Exercise —
Word for word and without images, reproduce the listing that follows.

Source material —
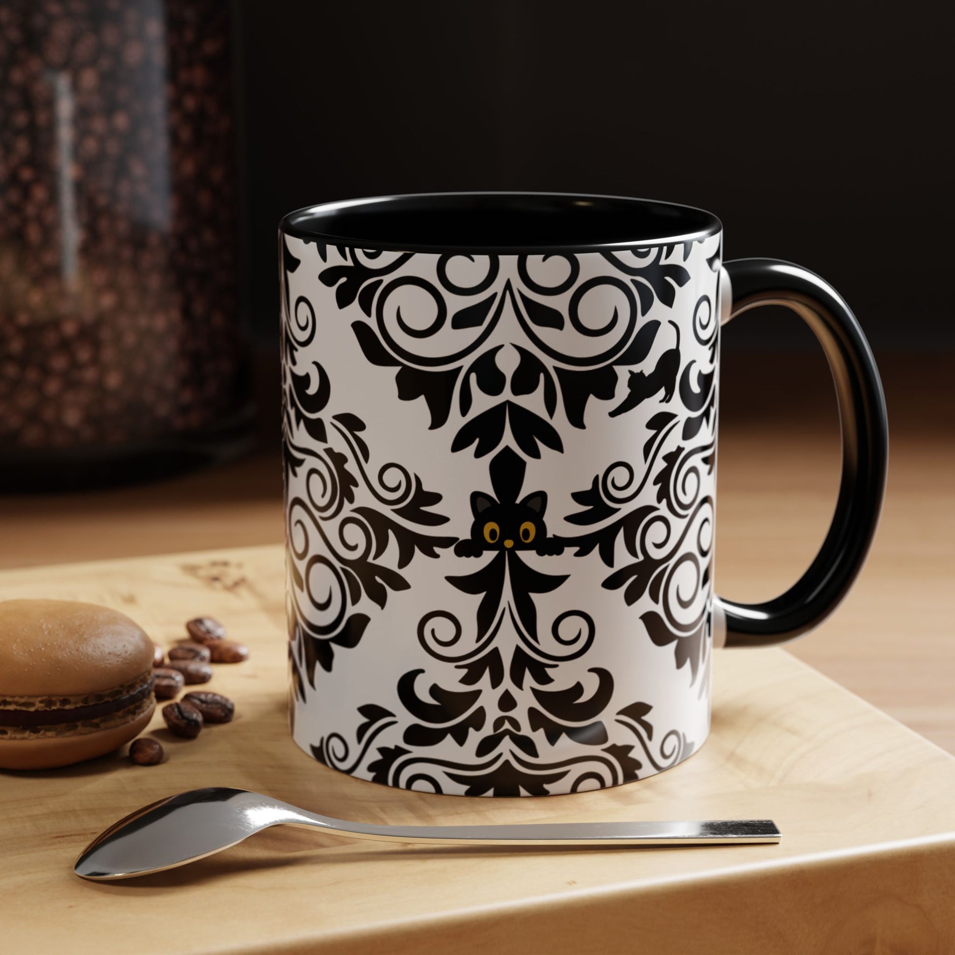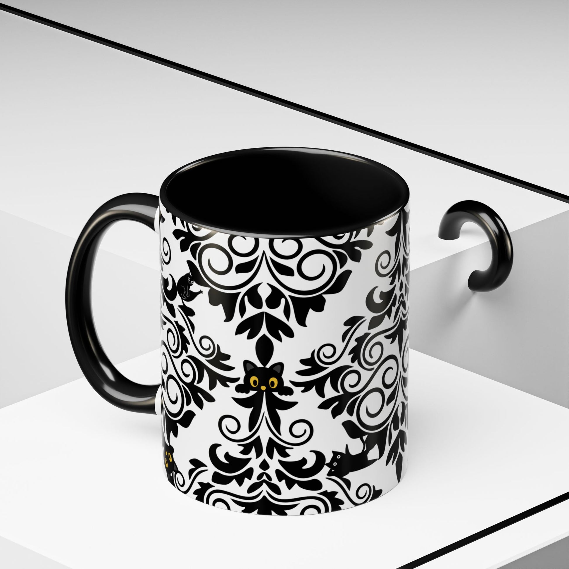 Add a dash of mystery to your morning brew with the "Hidden Black Cats" mug! This isn’t just a coffee cup—it’s a playful game of hide-and-seek featuring sneaky black cats cleverly tucked into an elegant damask-inspired design. Perfect for cat lovers, puzzle enthusiasts, or anyone who enjoys a little whimsy with their caffeine fix, this mug is sure to spark joy (and maybe a few giggles) with every sip.
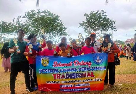 Banda Aceh - Siswa Sekolah Dasar Negeri 50 Banda Aceh meraih prestasi terbaik pada Lomba Permainan Tradisional Anak tingkat Kecamatan Banda Raya yang gelar di lapangan Bola Sekolah Fatih Bilingual School, Gampong Lamlagang, Jumat (3/9/2022). Pada lomba tradisional tersebut SDN 50 dibawah binaan Nasri Kurniawan, Cut Devi, Rabiul, Iskandar serta Muhammad Taufik mengikuti seluruh caban...
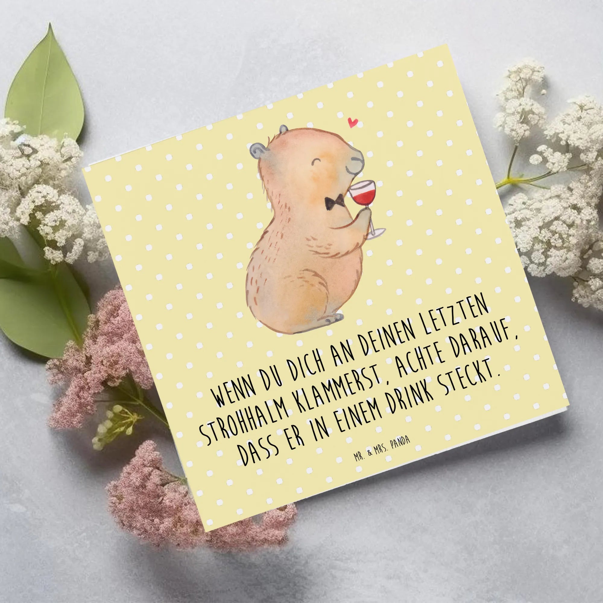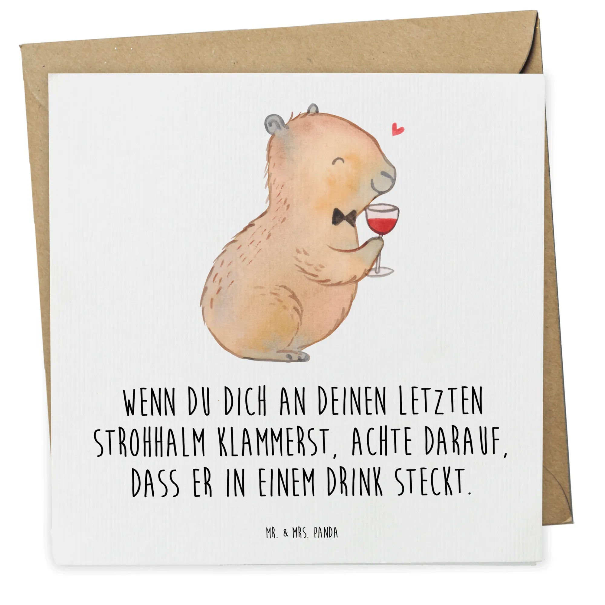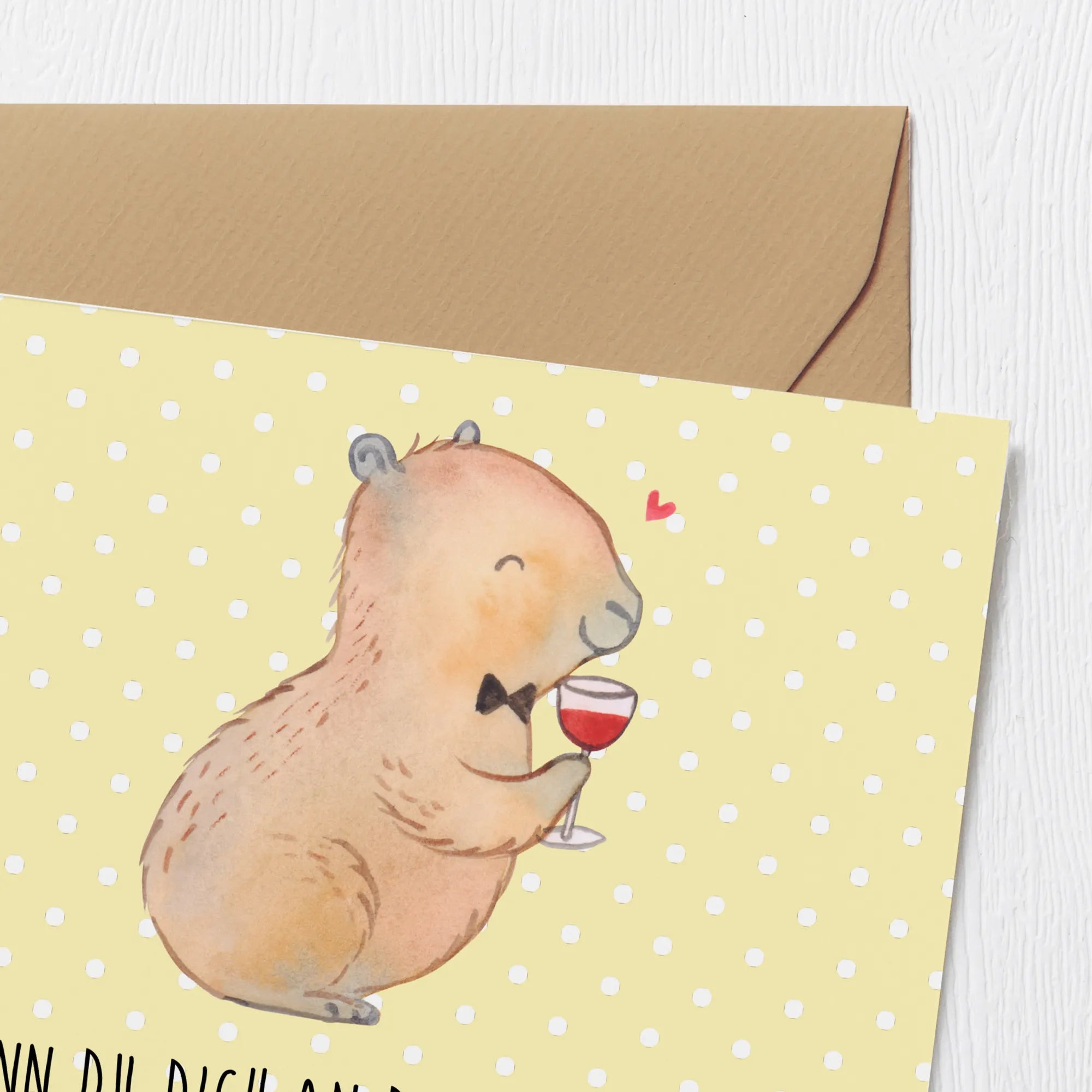Entdecke die Deluxe Karte mit dem bezaubernden Motiv des Wein trinkenden Capybara aus der einzigartigen Small World Kollektion von Mr. & Mrs. Panda.

Solution —
 Add a dash of mystery to your morning brew with the "Hidden Black Cats" mug! This isn’t just a coffee cup—it’s a playful game of hide-and-seek featuring sneaky black cats cleverly tucked into an elegant damask-inspired design. Perfect for cat lovers, puzzle enthusiasts, or anyone who enjoys a little whimsy with their caffeine fix, this mug is sure to spark joy (and maybe a few giggles) with every sip.
 Banda Aceh - Siswa Sekolah Dasar Negeri 50 Banda Aceh meraih prestasi terbaik pada Lomba Permainan Tradisional Anak tingkat Kecamatan Banda Raya yang gelar di lapangan Bola Sekolah Fatih Bilingual School, Gampong Lamlagang, Jumat (3/9/2022). Pada lomba tradisional tersebut SDN 50 dibawah binaan Nasri Kurniawan, Cut Devi, Rabiul, Iskandar serta Muhammad Taufik mengikuti seluruh caban...
Entdecke die Deluxe Karte mit dem bezaubernden Motiv des Wein trinkenden Capybara aus der einzigartigen Small World Kollektion von Mr. & Mrs. Panda.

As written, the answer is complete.